Un percorso volto alla riflessione sul concetto di altro, alla scoperta di ciò che è diverso da sé. Partendo da Platone e dall’idea dell’identità di fondo che lega tutto il genere umano, passando per Aristotele e la definizione categoriale dell’altro, si giungerà a Derrida dove l’identità non è qualcosa di dato ma si determina solo in relazione all’altro, nel differire da sé.

Tra le righe

  1. Ma io chi sono? Piacere... mi presento! Socrate e la conoscenza di sé
  2. Ma cosa e quanti sono i punti di vista? Leibniz, diversità e comunicazione
  3. Cosa significa interpretare? Derrida e il mistero dell’altro
  4. Quante cose può fare un mela, senza smettere di essere una mela? Aristotele e la conoscenza dell’altro attraverso la sua descrizione

Quattro laboratori in cui lo scopo è capire cosa significa interpretare. Si partirà dalla lettura del sé, attraverso un processo maieutico molto particolare, si rifletterà poi sull’idea di come possano esserci letture diverse a partire da una stessa realtà per arrivare infine all’idea che ogni interpretazione non è mai unica ma contiene sempre nuovi significati.

Idee spaziali

  1. Da forma nasce cosa. Dalla mitologia alla filosofia
  2. Ma se il vuoto fosse pieno e il pieno fosse vuoto? Pensieri spaziali sul pieno e sul vuoto
  3. Verso l’infinito e oltre... L’infinito tra spazio, numeri e arte
  4. Numeri: tra realtà e immaginazione. Numeri naturali, reali, immaginari: ma quanti ne esistono?

Partendo da una riflessione sulla differenza tra un pensiero di tipo sensibile ed uno astratto, si procederà all’analisi dell’entità spaziale e dei suoi attributi fino a giungere alla riflessione sul concetto di infinito.

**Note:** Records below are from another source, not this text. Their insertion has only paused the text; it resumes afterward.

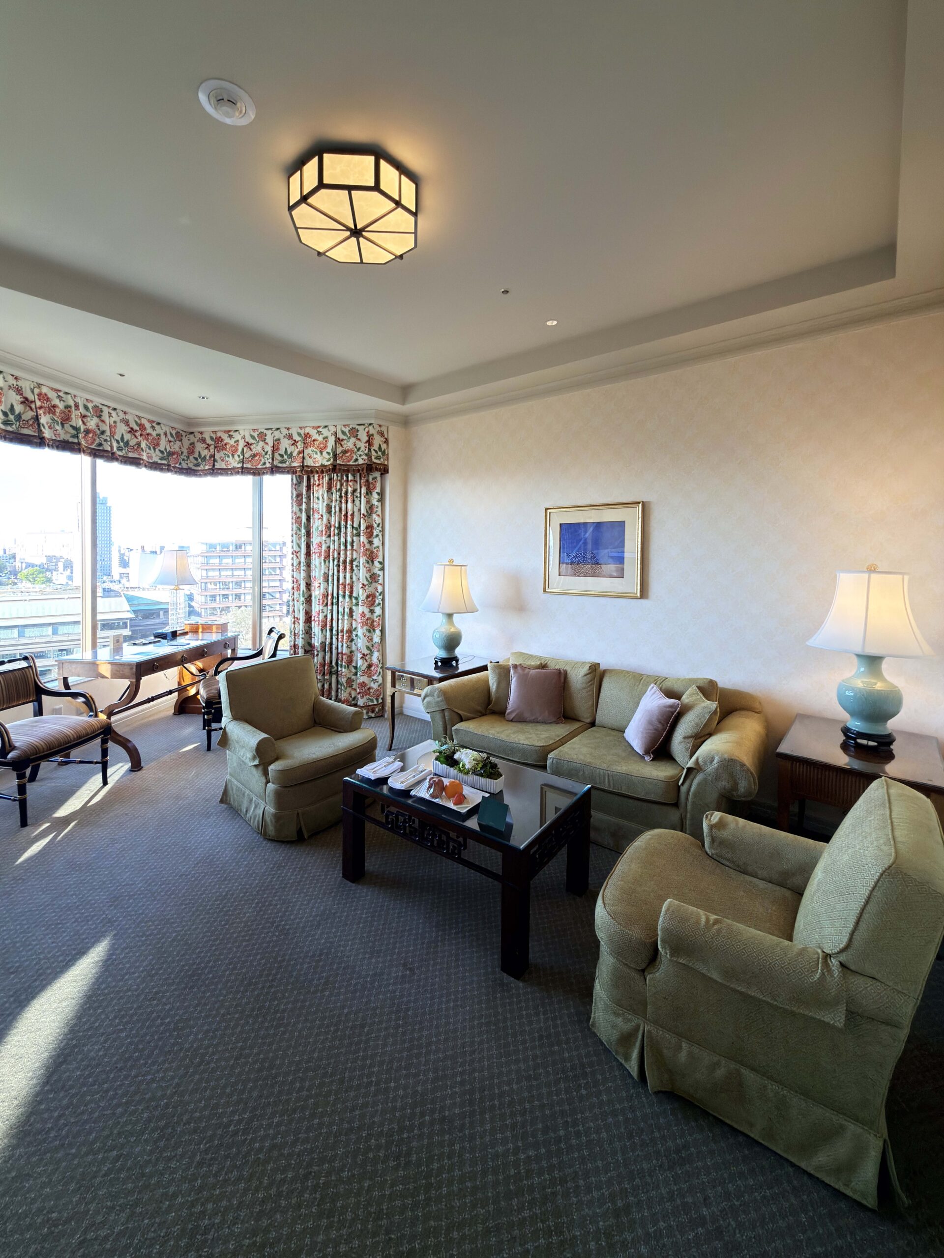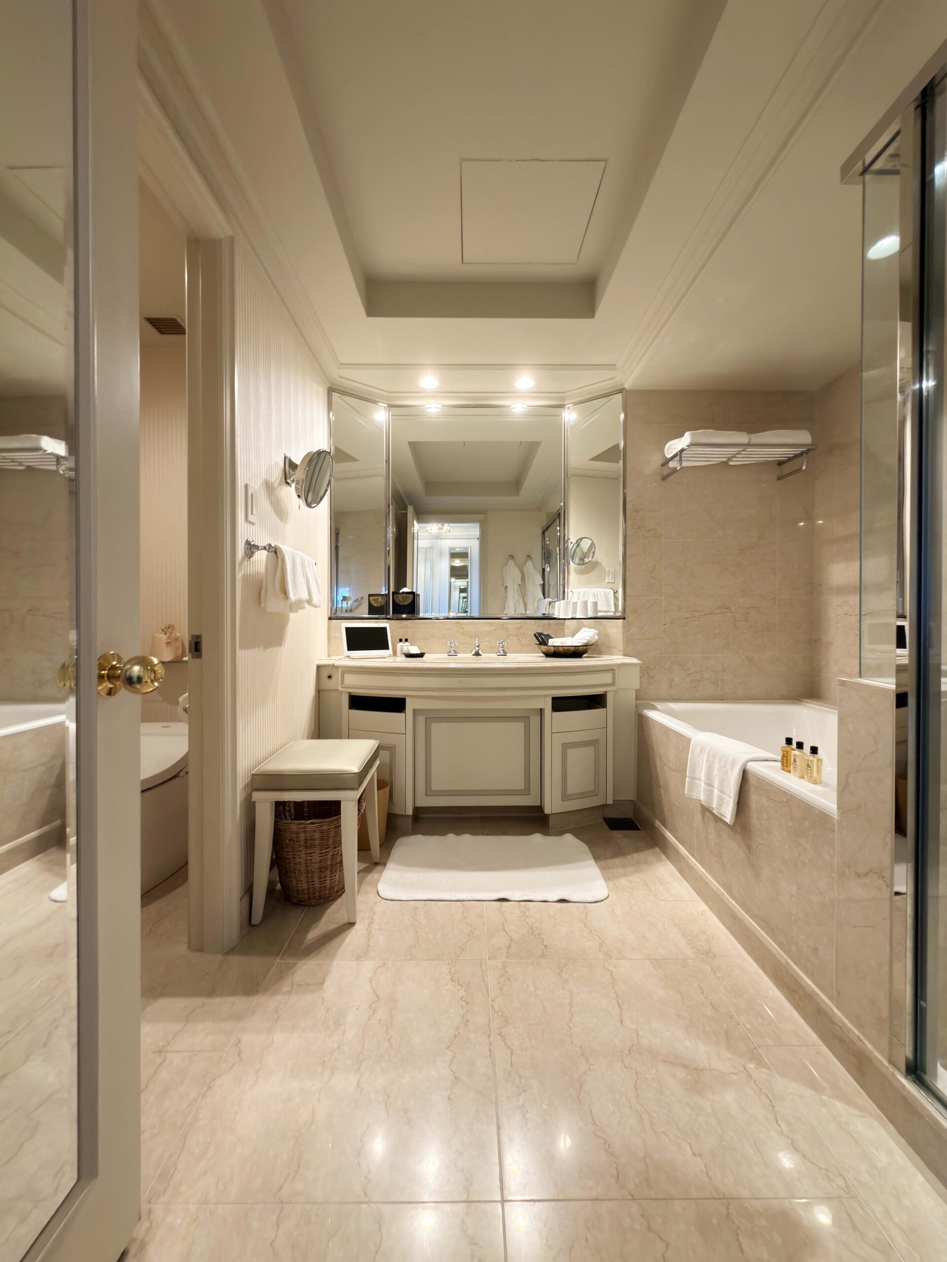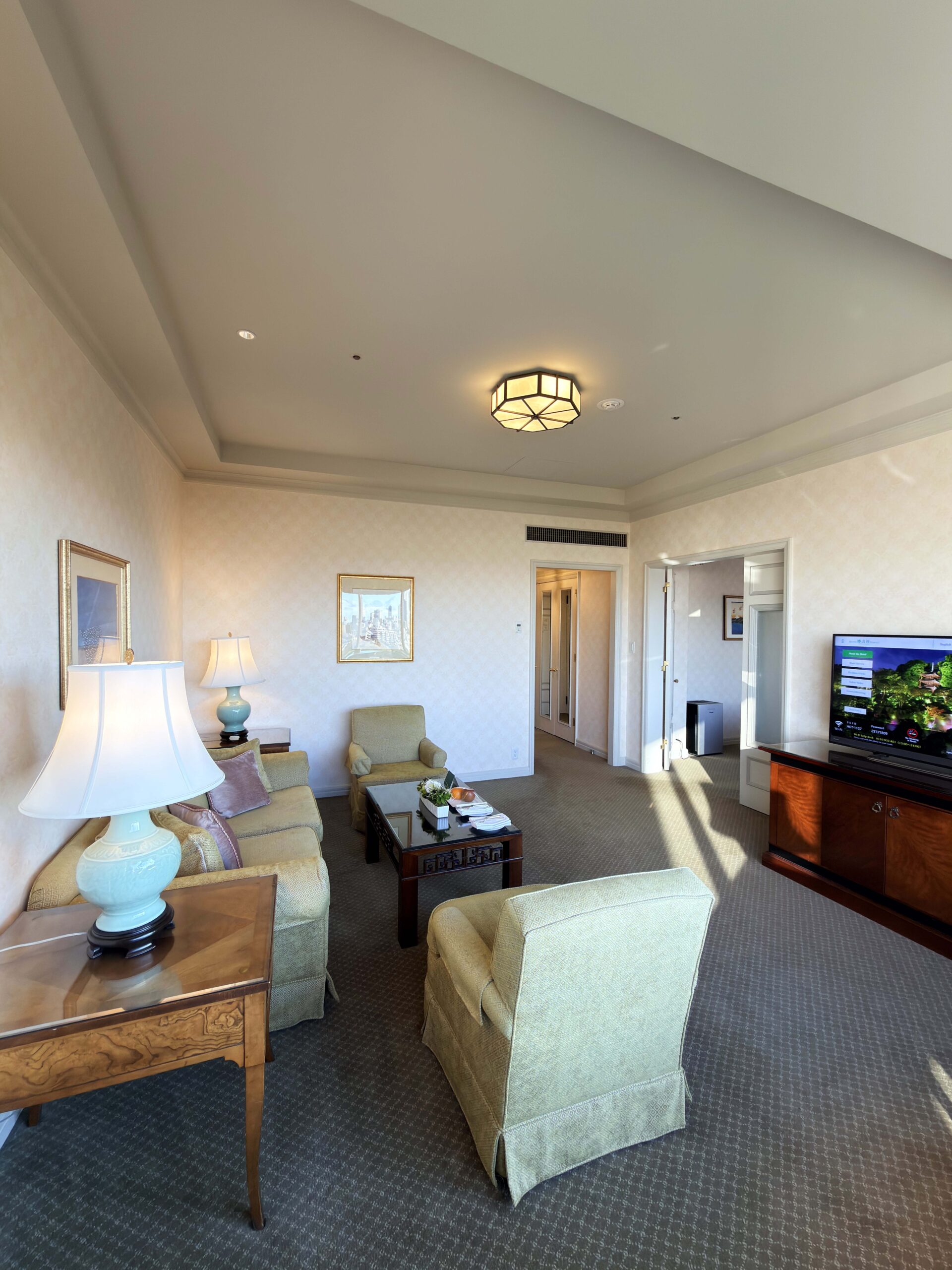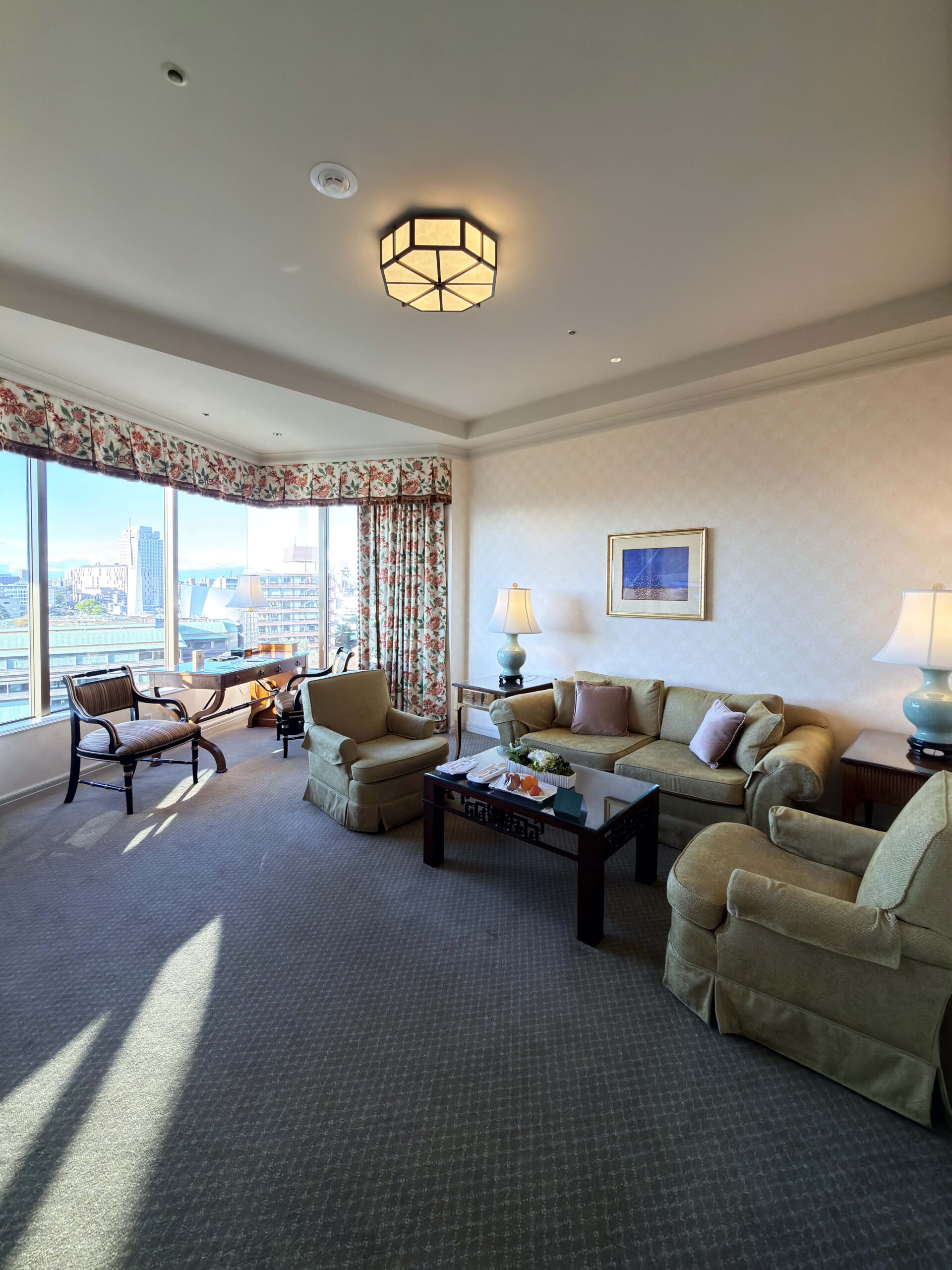 For this stay, I chose the 1 Bedroom Prime Suite (Corner), the exact same room type I loved during my last visit. Spanning a generous 60 m² (646 ft²), this suite is a masterclass in classic elegance. Being a corner unit on a higher floor, it offers a direct, panoramic view of the historic Chinzanso Garden. The layout features a separate, spacious living room for lounging and a tranquil bedroom for rest. The bathroom is equally luxurious, boasting a separate bathtub and shower, double vanities for ample space, and the softest robes and slippers that make “staying in” feel like a true event.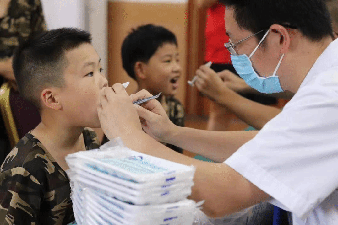 宣讲结束后,方主任与同行的医生在团队成员的帮助下带领同学们有序排队,给同学们做了口腔检查。他们通过温馨交流的方式来缓解同学们的紧张情绪,并根据的口腔情况给予了相应建议。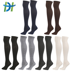 新款日系百搭过膝袜麻花针织长筒袜女时尚竖条堆堆高筒...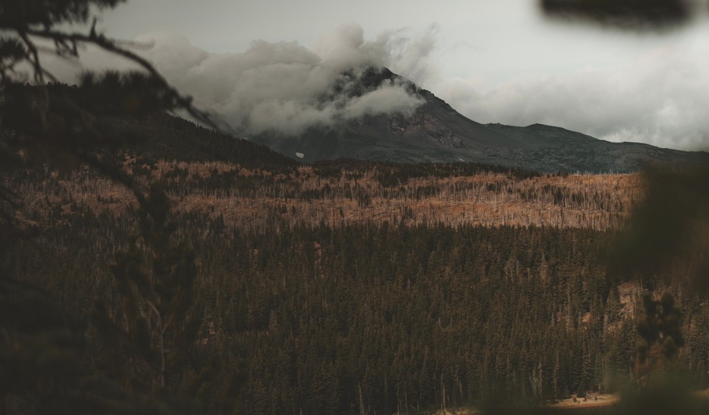 Aerial view over a foggy lake HD Wallpaper - 1024x600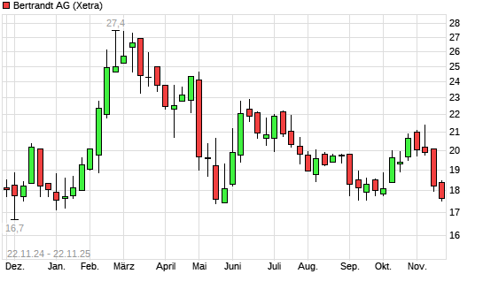 Mit dem Rücksetzer auf 17,12 EUR hat die Bertrandt-Aktie (ISIN DE0005232805) am 21.11.2025 ein neues 6-Monats-Tief erreicht und damit den Kurs vom 26.09.2025 eingestellt.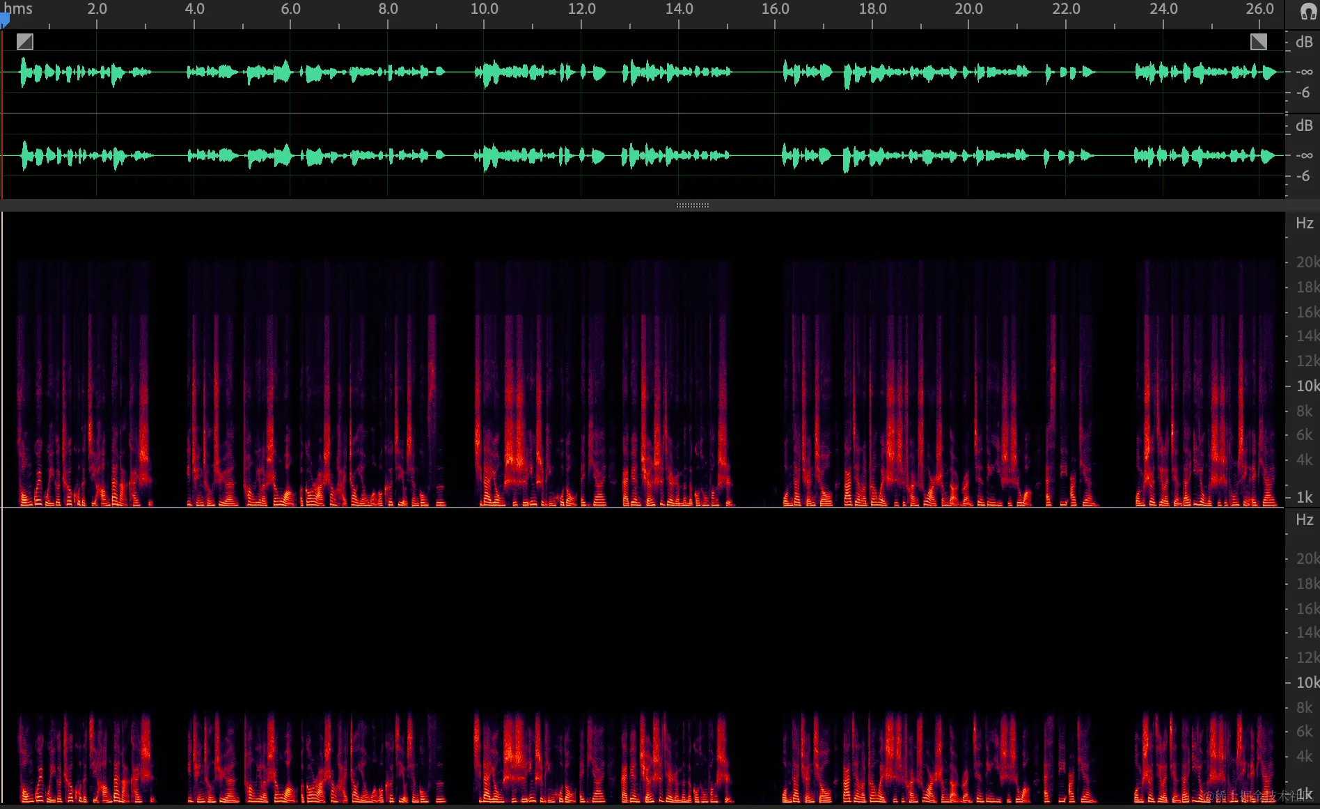 - 谱减法:核心思想是先取一段非人声段音频,记录下噪声的频谱能量,然后从所有的音频频谱中减去这个噪声频谱能量。这种方法对稳态噪声比较有效果。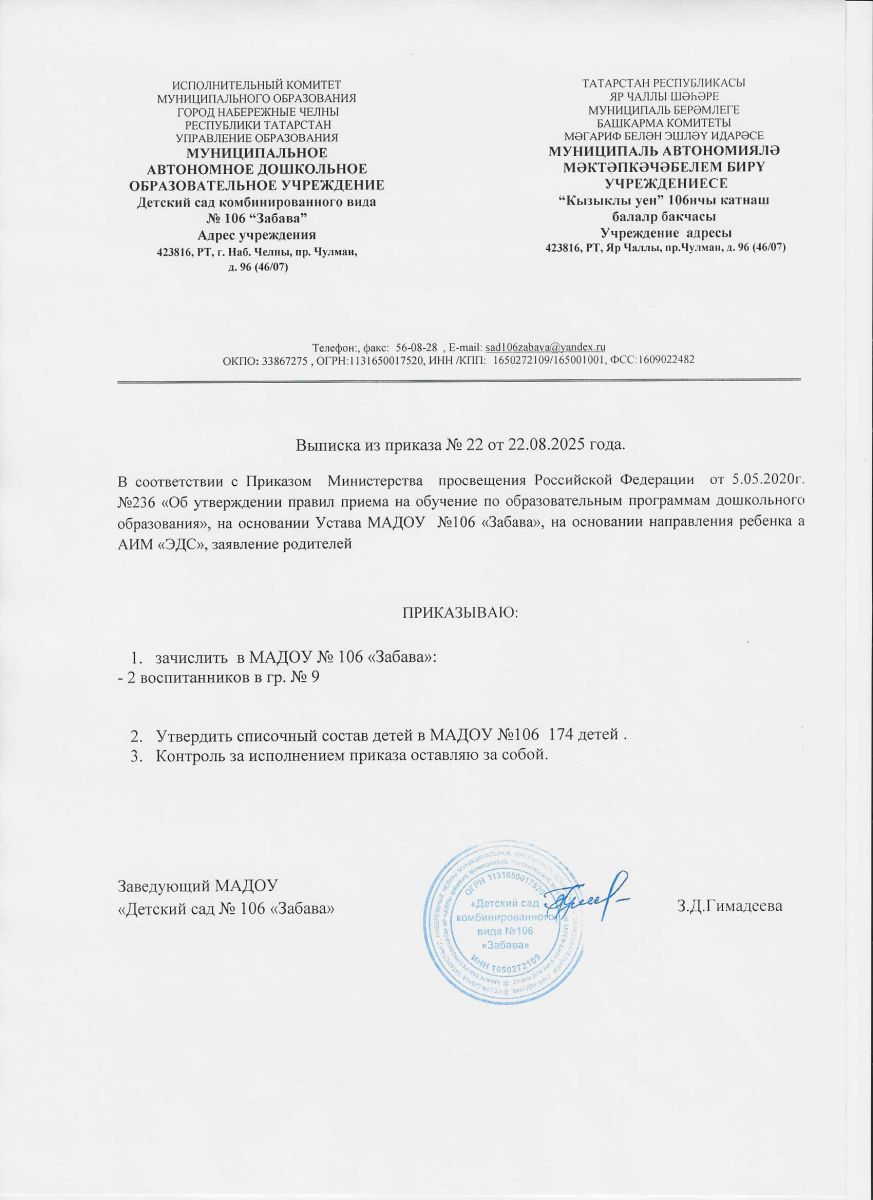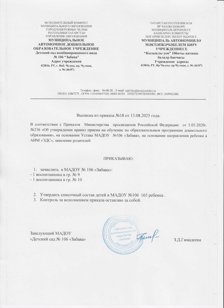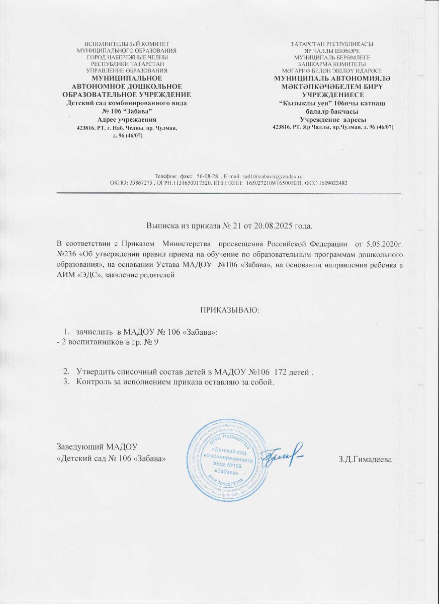 Муниципальное автономное дошкольное образовательное учреждение города Набережные Челны «Детский сад комбинированного вида № 106 «Забава» Яр Чаллы шәһәренең «106 нчы «Кызыклы уен» катнаш төрдәге балалар бакчасы» муниципаль автономияле мәктәпкәчә белем бирү учреждениесе"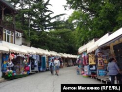 Путь от автовокзала в Алуште к центру города проложен через бесконечные торговые ряды. Здесь продают овощи и фрукты, полотенца, купальники, панамки, сувениры и даже настенные часы с портретом Владимира Путина. Торговля не прекращается и на центральной площади. Через дорогу от здания городской администрации, под табличкой, запрещающей несанкционированную торговлю, женщина продает пучки зелени прямо с земли. Рядом раскинулась ярмарка.

La natura tra visibile e invisibile

  1. Ma se il vuoto fosse pieno e il pieno fosse vuoto? Pensieri spaziali sul pieno e sul vuoto
  2. La regola e il caso. Goethe e la natura
  3. Tra bello e sublime. Kant e la bellezza
  4. Da forma nasce cosa. Dalla mitologia alla filosofia

A partire da una riflessione sulle caratteristiche dello spazio che ci circonda, si procederà all’indagine delle regole che sovrintendono questa stessa spazialità giungendo infine ad una lettura di carattere estetico della natura circostante.

Vero o falso? Forse

  1. Prendi tempo e perdi tempo? Il tempo tra misurazione e percezione
  2. Numeri: tra realtà e immaginazione. Numeri naturali, reali, immaginari: ma quanti ne esistono?
  3. Ma se il vuoto fosse pieno e il pieno fosse vuoto? Pensieri spaziali sul pieno e sul vuoto
  4. Da forma nasce cosa. Dalla mitologia alla filosofia
  5. La regola e il caso. Goethe e la natura

Cinque laboratori per riflettere su cinque concetti che stanno alla base di tutte le scienze, perché misurabili. Ne siamo realmente convinti? Attraverso questi tre laboratori vedremo che anche in questo caso le letture possono essere molteplici.